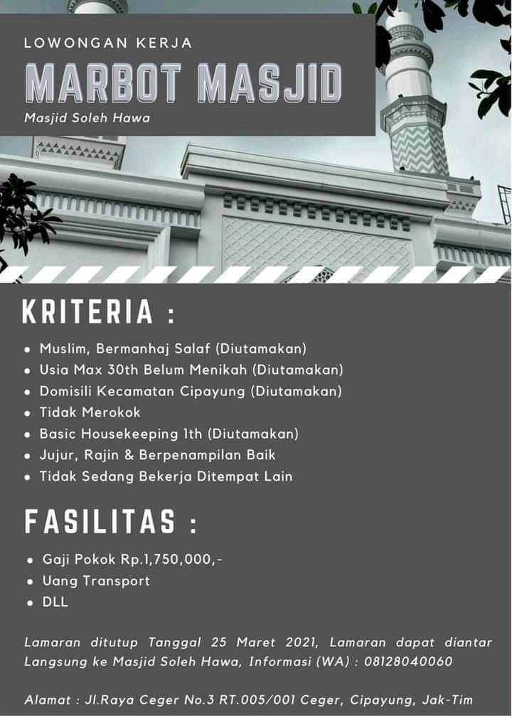 Cari lowongan kerja terbaru di bosloker. Silahkan dicoba dan semoga berhasil #infolokertangerang2021 #loker2021 #lokers1 #lokersma… Lowongan kerja pt mayora indah tbk tangerang. Lowongan kerja pt pabrik cat dan tinta pacific (pacific paint). Lowongan pt pungkook indonesia one grobogan 2020. Info loker marbot 2021 beredar situs lowongan kerja palsu pln imbau masyarakat waspada antara news mataram berita ntb terkini info. Tahun 2021 di indonesia bagi kamu yang sedang mencari informasi tersebut. Apakah anda seorang lulusan baru atau seseorang yang mencari tantangan baru?. Ada perusahaan yang sedang membuka kesempatan lowongan kerja info loker, customer service representative, supervisor, technician dan banyak lagi melalui indeed.com. Info loker marbot 2021 marbot masjid tewas tertim… by angelita bradtke july 05, 2021 post a comment. Masjid annur yg berada di nangka cikeas gunung putri sedang mencari marbot / petugas mengurus masjid. Info loker marbot 2021 / info lowongan kerja solo da. Paling lambat 31 agustus 2021.
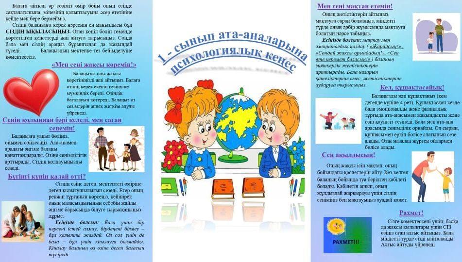 1 сынып оқушыларының ата – аналарына психологиялық кеңес
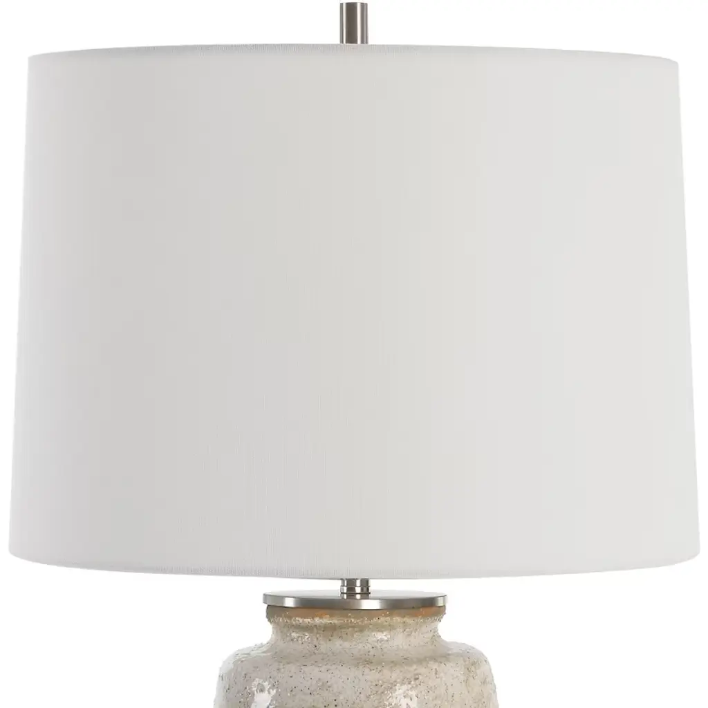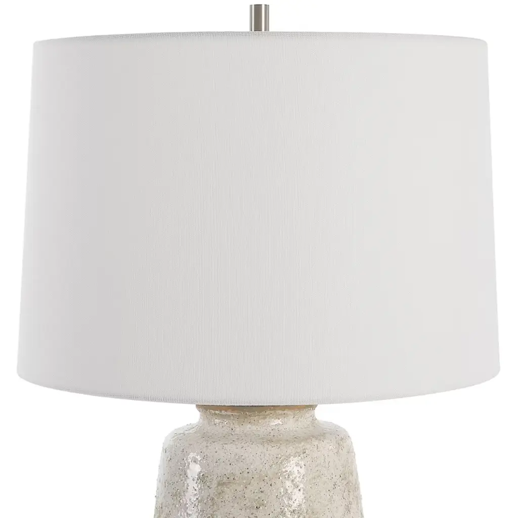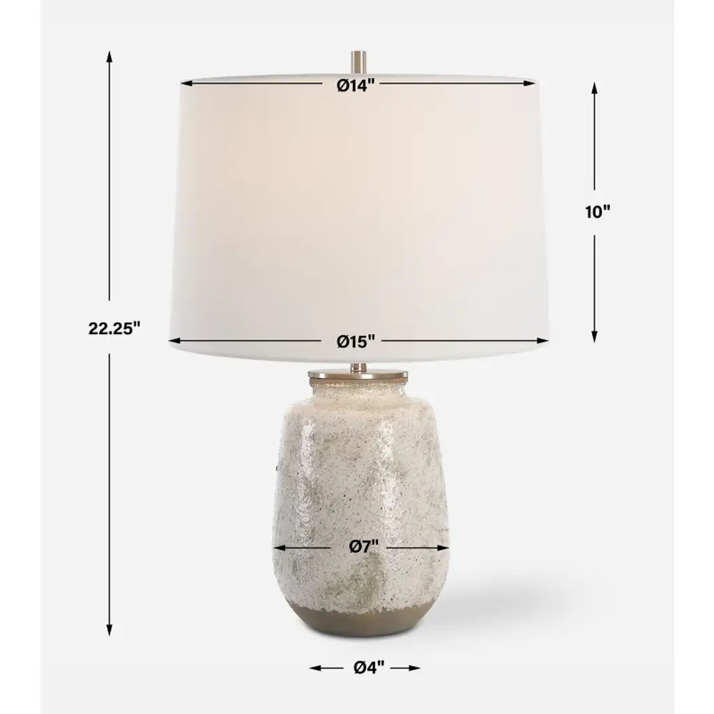 Elevate your space with the naturally refined beauty of the Medan Taupe and Gray Table Lamp. Crafted from ceramic with a porous texture, the base showcases a harmonious blend of taupe and dove gray glaze, revealing a raw natural finish at the bottom for added earthiness. Brushed nickel accents introduce a sleek, contemporary touch. Key Features: Porous ceramic base in taupe and dove gray glaze with raw natural bottom Brushed nickel accents lend subtle metallic sophistication Slightly tapered white linen drum shade enhances clean modern lines Ideal for refined rustic, coastal, or transitional interiors Dimensions: 22H, SHADE 10H x 15 Dia. (in), Weight: 9 lbs
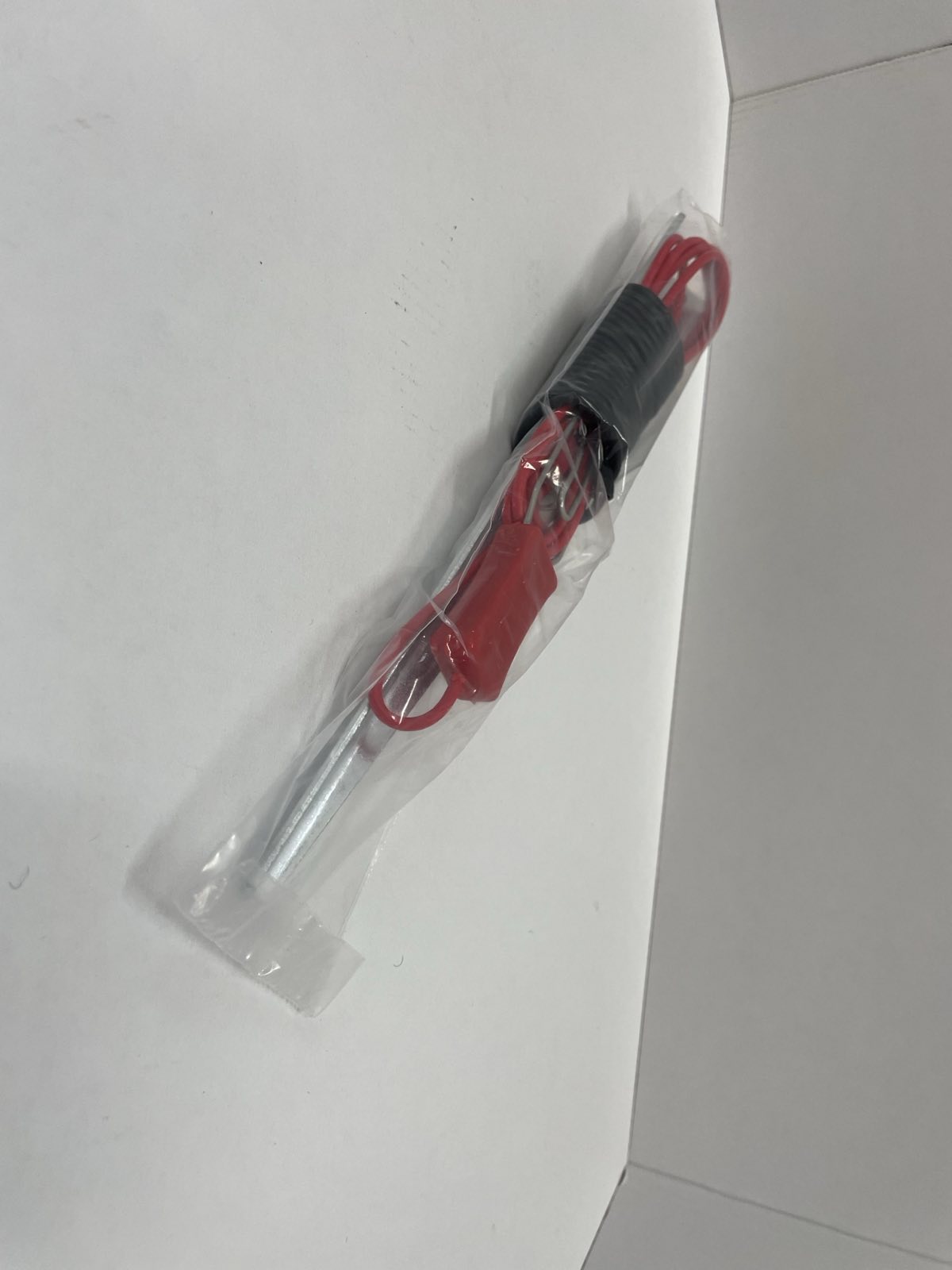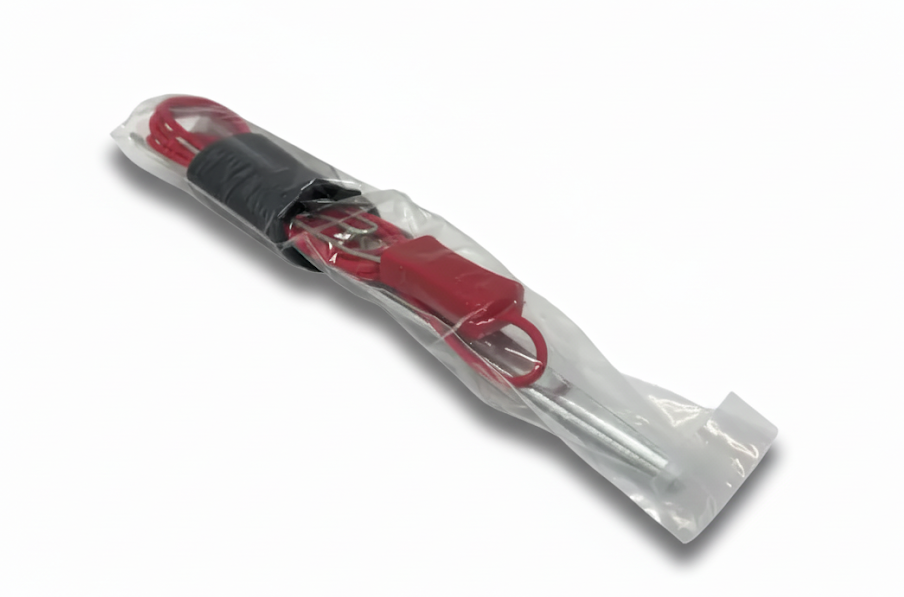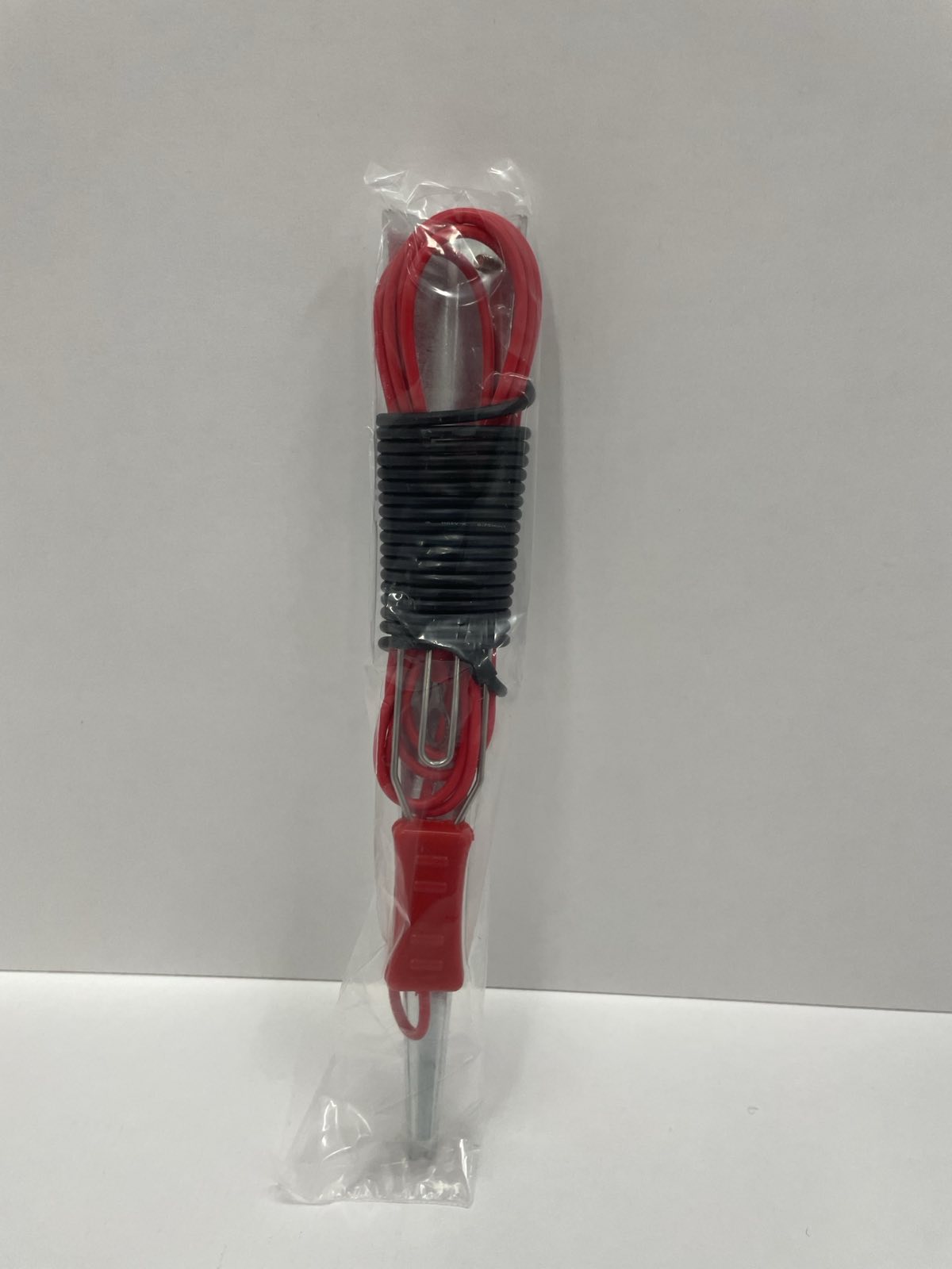 Jordspettet skall installers som bilden nedan visar. Om man behöver använda mer än ett jordspett behövs endast den svarta ledningen för att koppla ihop två jordspett då skall den röda ledningen avlägsnas. Lämpligt är att placera jordspettet i fuktig matjord. Vi råder våra kunder att köpa ett jordspett/nät.

====

Problem details:
Every line of the listing above is to be retyped exactly, but the pictures are to be dropped.

Answer:
 Cari lowongan kerja terbaru di bosloker. Silahkan dicoba dan semoga berhasil #infolokertangerang2021 #loker2021 #lokers1 #lokersma… Lowongan kerja pt mayora indah tbk tangerang. Lowongan kerja pt pabrik cat dan tinta pacific (pacific paint). Lowongan pt pungkook indonesia one grobogan 2020. Info loker marbot 2021 beredar situs lowongan kerja palsu pln imbau masyarakat waspada antara news mataram berita ntb terkini info. Tahun 2021 di indonesia bagi kamu yang sedang mencari informasi tersebut. Apakah anda seorang lulusan baru atau seseorang yang mencari tantangan baru?. Ada perusahaan yang sedang membuka kesempatan lowongan kerja info loker, customer service representative, supervisor, technician dan banyak lagi melalui indeed.com. Info loker marbot 2021 marbot masjid tewas tertim… by angelita bradtke july 05, 2021 post a comment. Masjid annur yg berada di nangka cikeas gunung putri sedang mencari marbot / petugas mengurus masjid. Info loker marbot 2021 / info lowongan kerja solo da. Paling lambat 31 agustus 2021.
 1 сынып оқушыларының ата – аналарына психологиялық кеңес
 Elevate your space with the naturally refined beauty of the Medan Taupe and Gray Table Lamp. Crafted from ceramic with a porous texture, the base showcases a harmonious blend of taupe and dove gray glaze, revealing a raw natural finish at the bottom for added earthiness. Brushed nickel accents introduce a sleek, contemporary touch. Key Features: Porous ceramic base in taupe and dove gray glaze with raw natural bottom Brushed nickel accents lend subtle metallic sophistication Slightly tapered white linen drum shade enhances clean modern lines Ideal for refined rustic, coastal, or transitional interiors Dimensions: 22H, SHADE 10H x 15 Dia. (in), Weight: 9 lbs
 Jordspettet skall installers som bilden nedan visar. Om man behöver använda mer än ett jordspett behövs endast den svarta ledningen för att koppla ihop två jordspett då skall den röda ledningen avlägsnas. Lämpligt är att placera jordspettet i fuktig matjord. Vi råder våra kunder att köpa ett jordspett/nät.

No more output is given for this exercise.